## TRY IT:
Although the records contain pictures, print none of them; print exactly the lines from the one with "Chair of the" through the last line.

Items listed in a dataset:
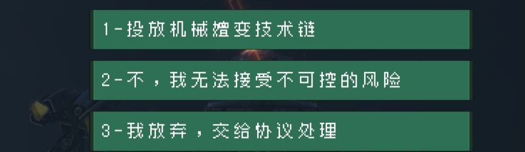 第五星:失坠的乐园,收割。 神话之死,防御值清零最后共生。 星约操纵者,正常共生。 机械嬗变,对话框投放机械嬗变技术,最后选择机械嬗变。
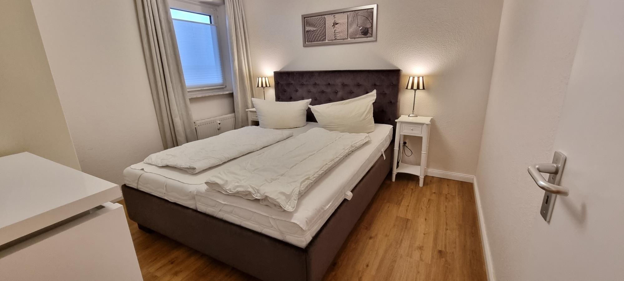Das separate Schlafzimmer ist mit einem komfortablen Doppelbett und einem geräumigen Kleiderschrank ausgestattet und sorgt für erholsame Nächte. Der kombinierte Wohnraum ist offen gestaltet und verfügt über eine voll ausgestattete Küchenzeile, die eine flexible Selbstverpflegung ermöglicht. Eine praktische Schlafcouch steht optional für weitere Gäste zur Verfügung.
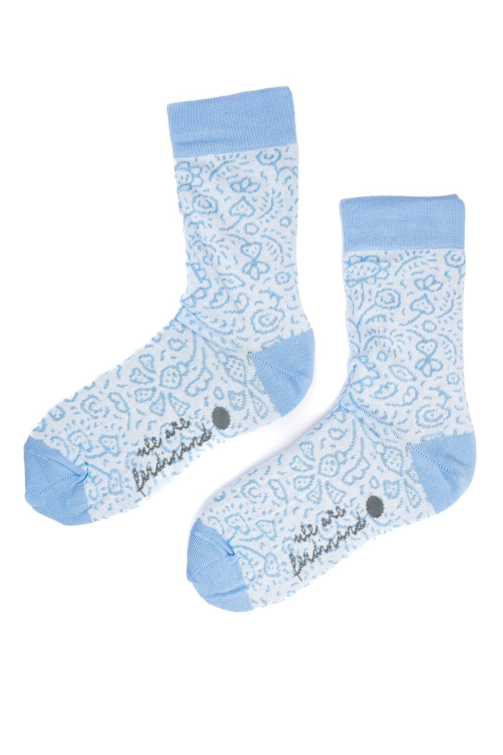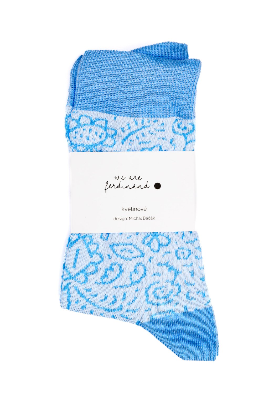 Ponožky od značky Ferdinand, ktoré sú vytvorené v spolupráci s dizajnérom Michalom Bočákom. Tieto úchvatné ponožky vás očaria svojím kvetinovým motívom a modrou farbou.
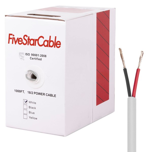 FiveStarCable 18-2 Gauge Low Voltage Stranded Cable Wire - 1000 ft, 18 AWG, PVC Jacket - for Security Systems, Alarm, Audio, Control, Intercom, and Speaker Applications (White, 18-2)
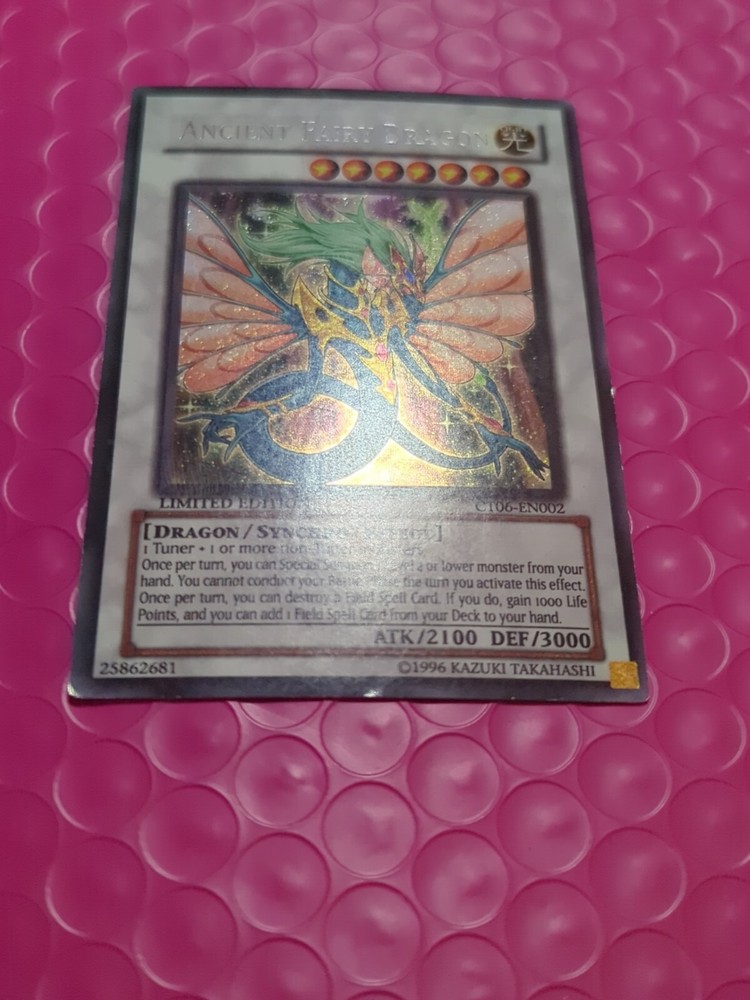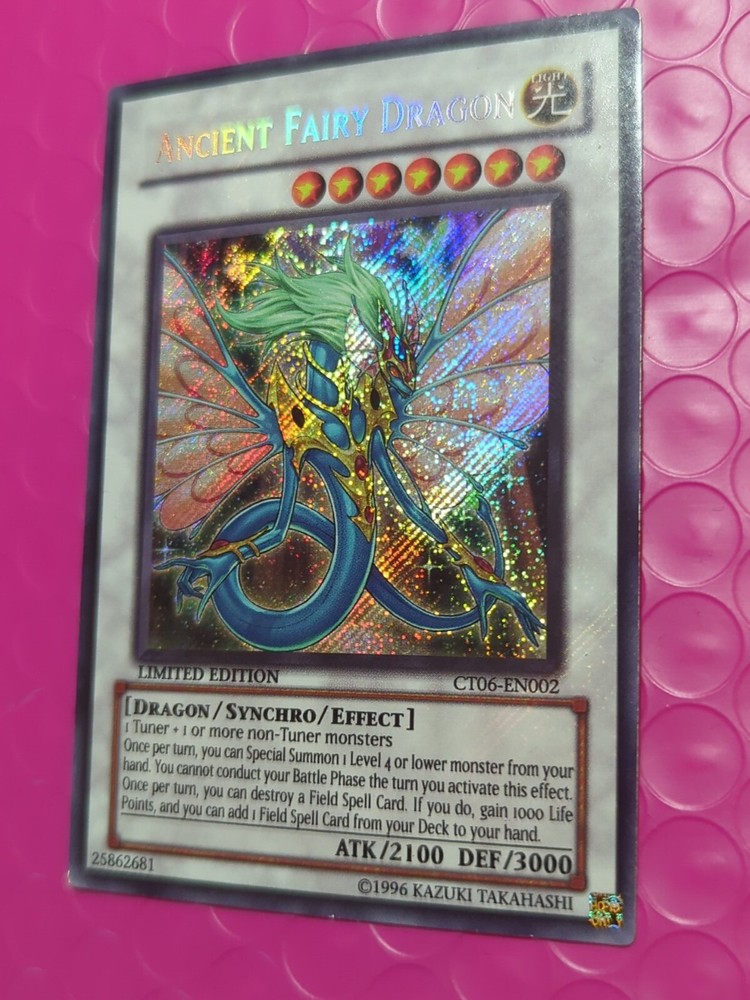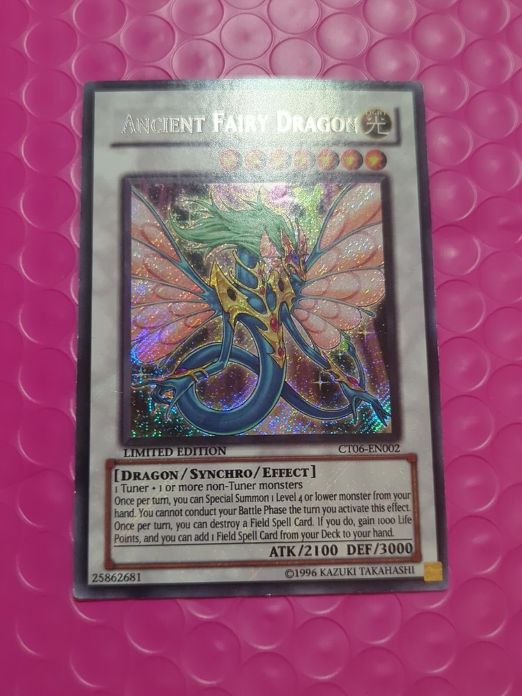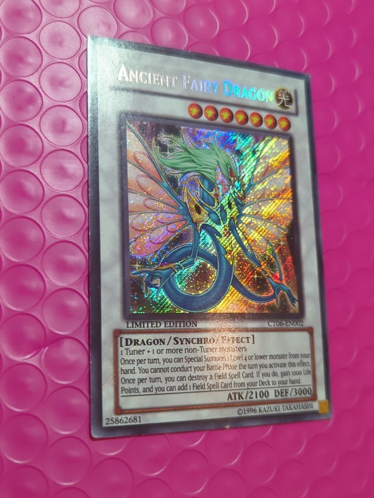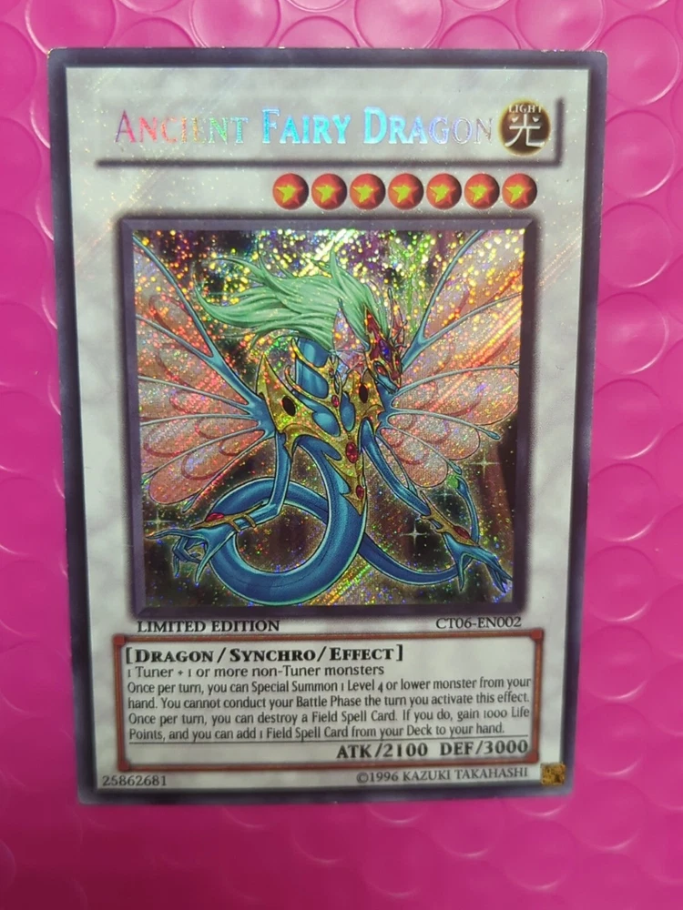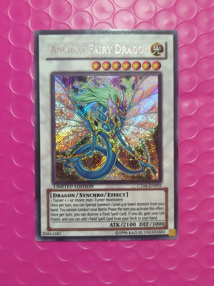 Yu-Gi-Oh! Ancient Fairy Dragon CT06-EN002 Limited Edition NM. The condition of this card is: Near Mint *All cards sold will be inside of a penny sleeve and top load card holder. Packaging will be in a bubble envelope for extra protection.* **In an attempt to empty my collection, every order will come with a gift of additional sleeved cards of various conditions that may fit the theme/archetype (depending on what's remaining in my collection). The bigger the sale, the bigger the gift!**
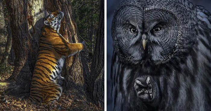 Chair of the judging panel, renowned writer and editor, Rosamund 'Roz' Kidman Cox said in a statement that Gorshkov's photo depicts a scene like no other. "A unique glimpse of an intimate moment deep in a magical forest. Shafts of low winter sun highlight the ancient fir tree and the coat of the huge tigress as she grips the trunk in obvious ecstasy and inhales the scent of tiger on resin, leaving her own mark as her message. It's also a story told in glorious color and texture of the comeback of the Amur tiger, a symbol of the Russian wilderness."
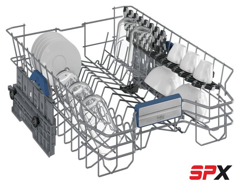Особенности верхней корзины | регулировка положения по высоте, складывающиеся держатели |

## RESULT OF THE EXERCISE:
 Chair of the judging panel, renowned writer and editor, Rosamund 'Roz' Kidman Cox said in a statement that Gorshkov's photo depicts a scene like no other. "A unique glimpse of an intimate moment deep in a magical forest. Shafts of low winter sun highlight the ancient fir tree and the coat of the huge tigress as she grips the trunk in obvious ecstasy and inhales the scent of tiger on resin, leaving her own mark as her message. It's also a story told in glorious color and texture of the comeback of the Amur tiger, a symbol of the Russian wilderness."
Особенности верхней корзины | регулировка положения по высоте, складывающиеся держатели |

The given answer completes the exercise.